=== Prompt ===
Exactly as they appear below, repeat the lines from the one with "特朗普政府宣布对包括日本汽车" through the one with "Базовые синие джинсы". Drop every picture.

=== Given information ===
++++++++++++++++++++
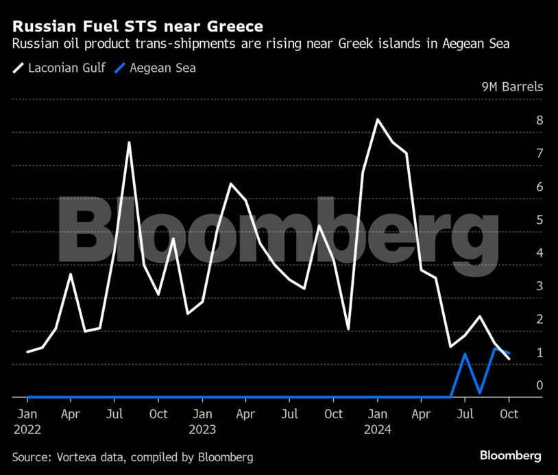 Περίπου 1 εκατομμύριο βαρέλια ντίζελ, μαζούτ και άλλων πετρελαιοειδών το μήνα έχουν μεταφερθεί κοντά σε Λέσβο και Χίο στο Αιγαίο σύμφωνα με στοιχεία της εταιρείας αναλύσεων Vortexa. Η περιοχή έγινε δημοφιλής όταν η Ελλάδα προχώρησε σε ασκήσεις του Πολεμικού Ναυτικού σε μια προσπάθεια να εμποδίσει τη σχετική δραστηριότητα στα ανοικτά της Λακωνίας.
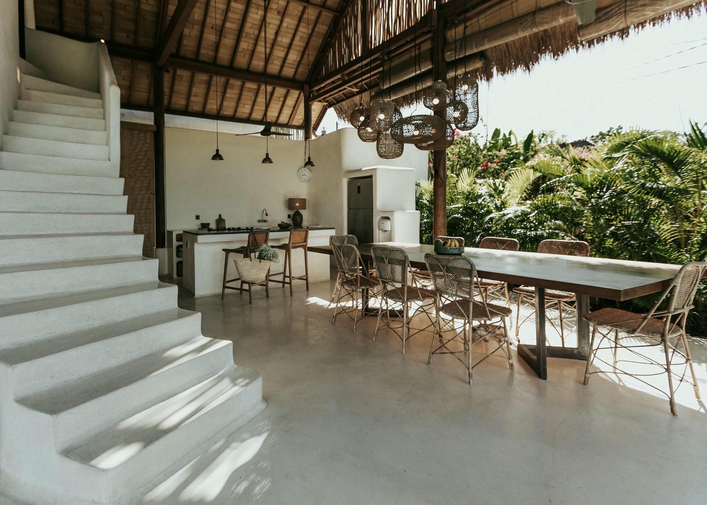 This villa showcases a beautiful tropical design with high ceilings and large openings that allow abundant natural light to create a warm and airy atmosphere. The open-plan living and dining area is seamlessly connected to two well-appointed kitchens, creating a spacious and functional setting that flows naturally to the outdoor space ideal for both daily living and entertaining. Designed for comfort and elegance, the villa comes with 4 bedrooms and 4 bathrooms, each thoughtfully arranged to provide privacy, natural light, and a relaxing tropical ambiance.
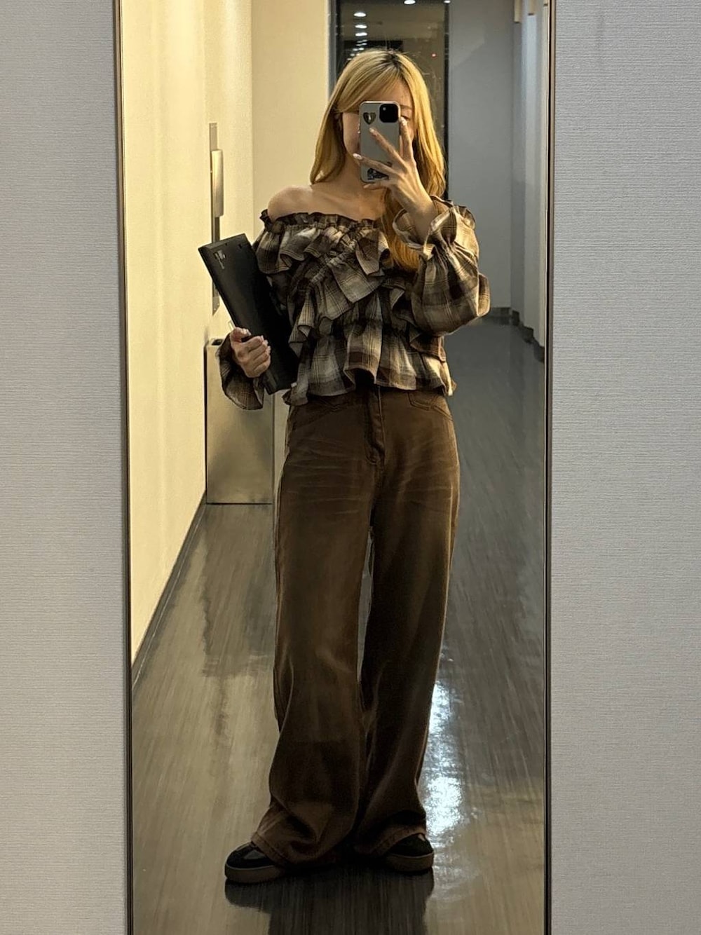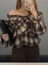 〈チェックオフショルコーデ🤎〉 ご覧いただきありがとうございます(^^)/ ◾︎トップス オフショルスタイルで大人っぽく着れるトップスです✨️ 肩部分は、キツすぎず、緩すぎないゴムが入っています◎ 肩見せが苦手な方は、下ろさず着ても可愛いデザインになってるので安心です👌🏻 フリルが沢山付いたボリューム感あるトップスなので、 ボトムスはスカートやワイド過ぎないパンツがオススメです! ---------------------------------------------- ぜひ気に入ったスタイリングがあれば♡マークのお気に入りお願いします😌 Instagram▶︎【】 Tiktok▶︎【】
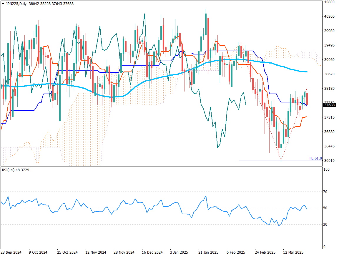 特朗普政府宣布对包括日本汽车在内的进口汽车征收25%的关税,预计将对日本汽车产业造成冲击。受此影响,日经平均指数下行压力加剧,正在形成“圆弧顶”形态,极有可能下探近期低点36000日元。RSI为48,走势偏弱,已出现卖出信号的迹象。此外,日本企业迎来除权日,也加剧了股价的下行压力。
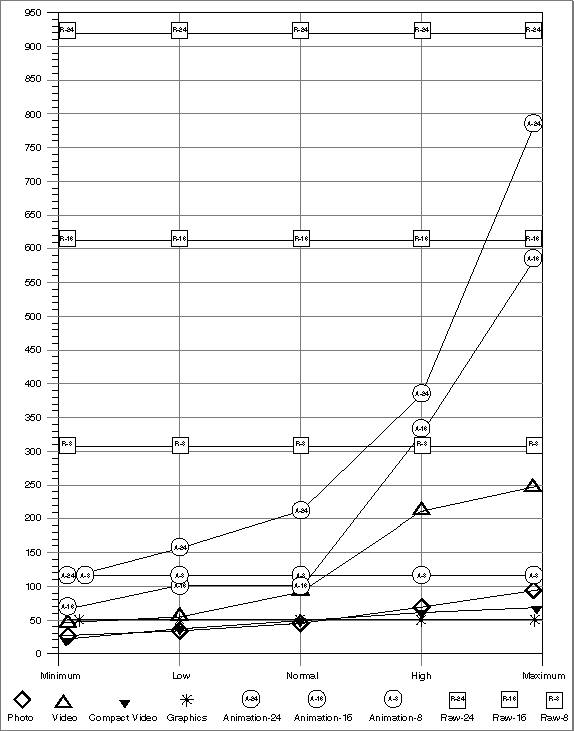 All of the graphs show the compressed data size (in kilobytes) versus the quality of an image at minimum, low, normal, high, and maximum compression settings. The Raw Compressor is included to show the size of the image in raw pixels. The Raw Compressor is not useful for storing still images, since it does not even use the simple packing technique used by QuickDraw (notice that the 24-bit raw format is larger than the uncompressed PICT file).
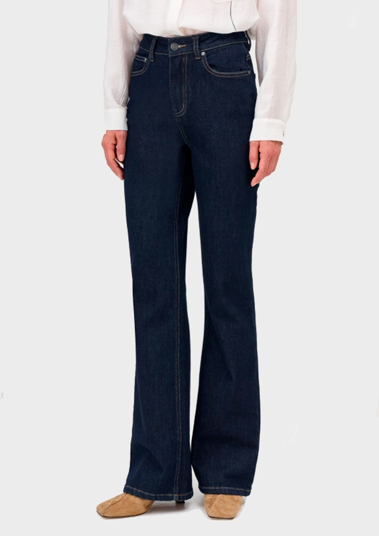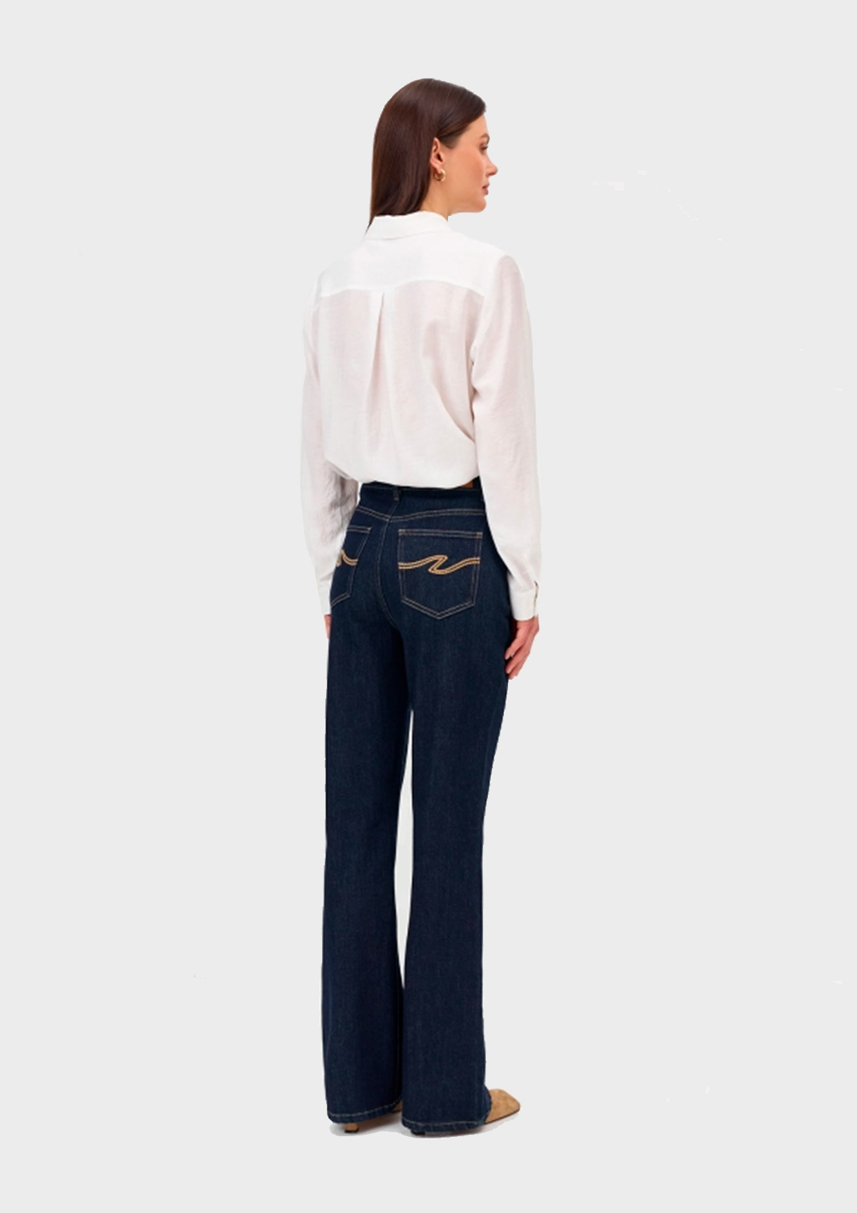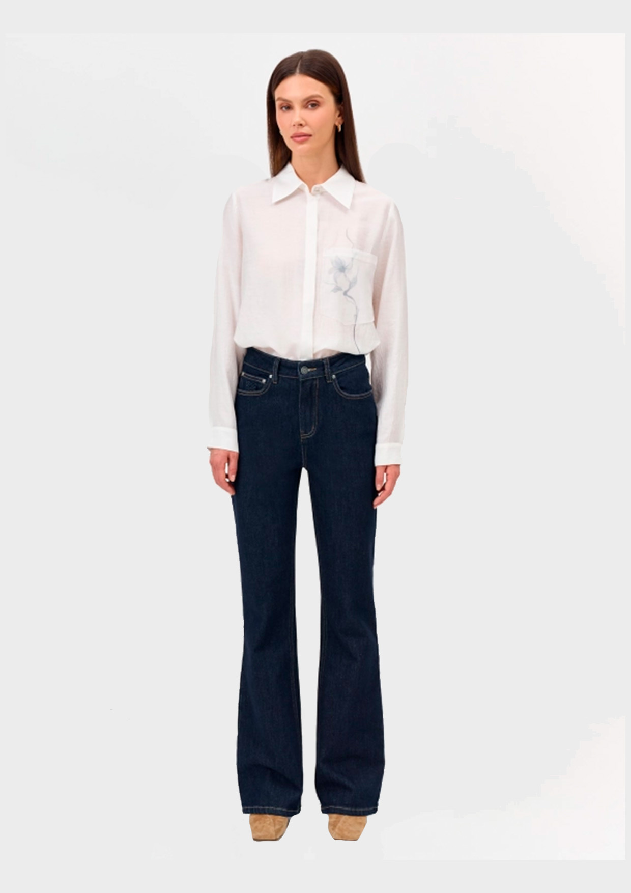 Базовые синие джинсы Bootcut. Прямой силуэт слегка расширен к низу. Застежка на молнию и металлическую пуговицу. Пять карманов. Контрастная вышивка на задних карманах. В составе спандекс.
++++++++++++++++++++
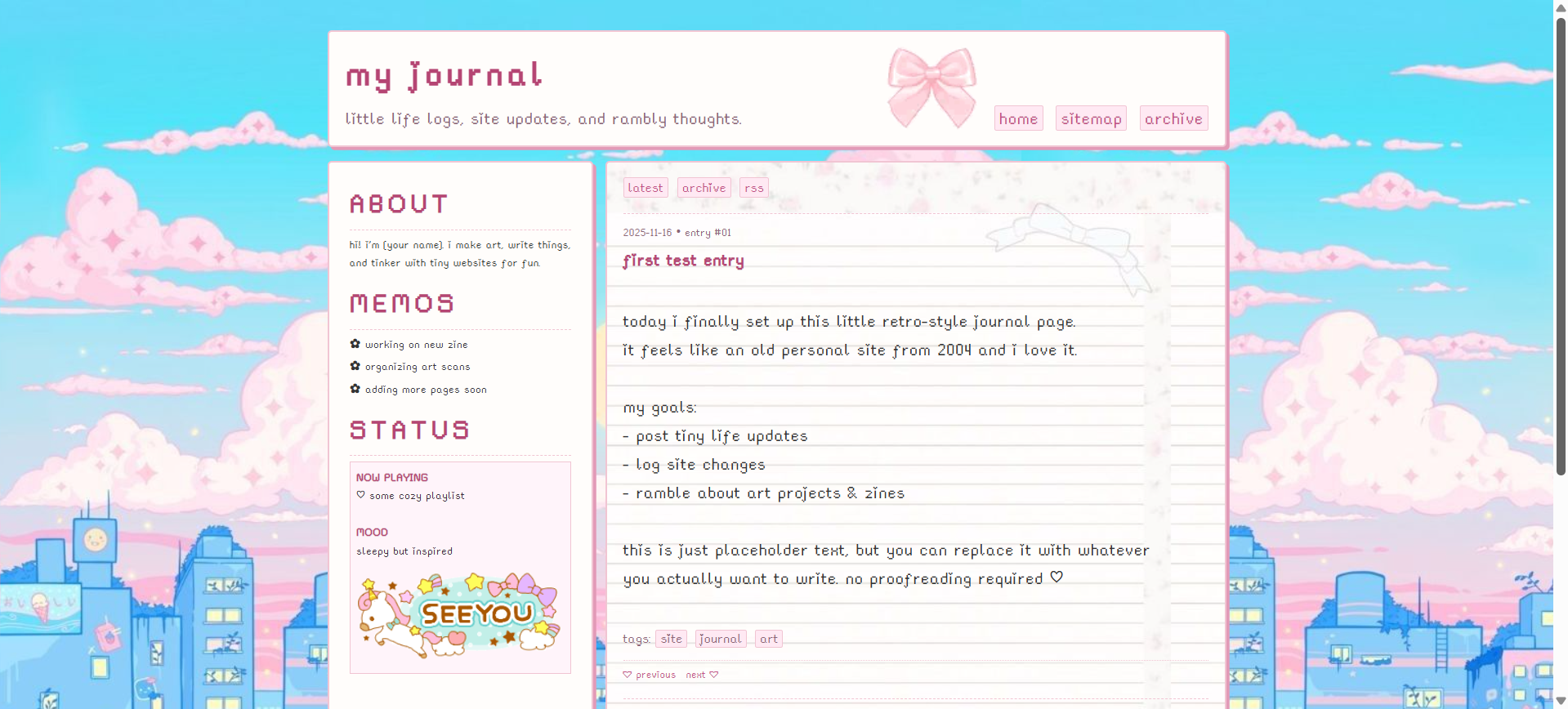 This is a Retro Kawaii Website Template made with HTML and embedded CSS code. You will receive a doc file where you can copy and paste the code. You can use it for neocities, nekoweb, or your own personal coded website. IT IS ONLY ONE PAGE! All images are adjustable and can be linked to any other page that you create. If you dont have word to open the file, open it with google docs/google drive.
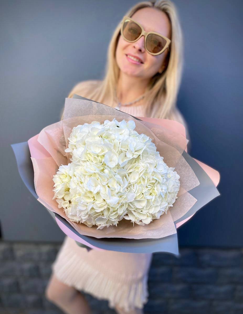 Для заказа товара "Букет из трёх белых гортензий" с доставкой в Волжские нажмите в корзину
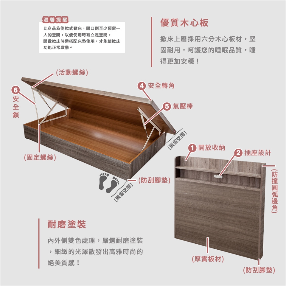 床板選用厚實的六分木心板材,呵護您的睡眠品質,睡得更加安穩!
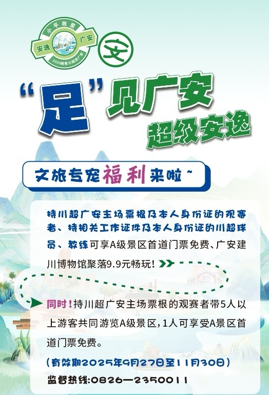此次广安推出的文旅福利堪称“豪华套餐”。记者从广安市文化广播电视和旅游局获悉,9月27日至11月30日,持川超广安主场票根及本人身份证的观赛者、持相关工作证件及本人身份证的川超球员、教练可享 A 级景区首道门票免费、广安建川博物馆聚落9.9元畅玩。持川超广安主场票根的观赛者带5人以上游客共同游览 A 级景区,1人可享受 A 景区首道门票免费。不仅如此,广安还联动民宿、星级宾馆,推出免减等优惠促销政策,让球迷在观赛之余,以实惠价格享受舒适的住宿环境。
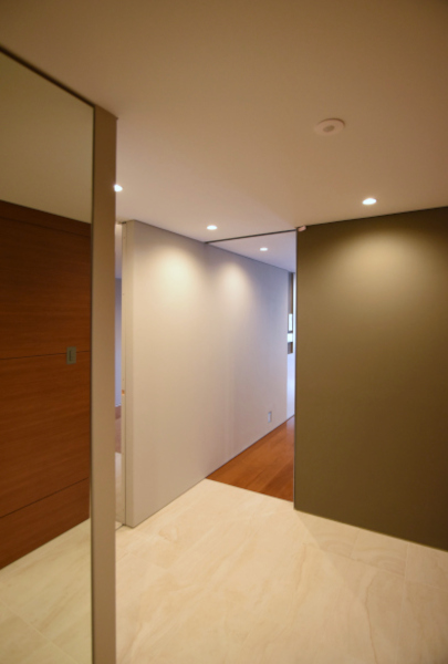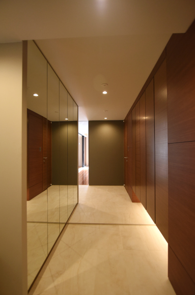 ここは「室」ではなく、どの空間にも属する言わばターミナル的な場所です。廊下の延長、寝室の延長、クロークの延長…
++++++++++++++++++++
=== Output of the exercise ===
 特朗普政府宣布对包括日本汽车在内的进口汽车征收25%的关税,预计将对日本汽车产业造成冲击。受此影响,日经平均指数下行压力加剧,正在形成“圆弧顶”形态,极有可能下探近期低点36000日元。RSI为48,走势偏弱,已出现卖出信号的迹象。此外,日本企业迎来除权日,也加剧了股价的下行压力。
 All of the graphs show the compressed data size (in kilobytes) versus the quality of an image at minimum, low, normal, high, and maximum compression settings. The Raw Compressor is included to show the size of the image in raw pixels. The Raw Compressor is not useful for storing still images, since it does not even use the simple packing technique used by QuickDraw (notice that the 24-bit raw format is larger than the uncompressed PICT file).
 Базовые синие джинсы Bootcut. Прямой силуэт слегка расширен к низу. Застежка на молнию и металлическую пуговицу. Пять карманов. Контрастная вышивка на задних карманах. В составе спандекс.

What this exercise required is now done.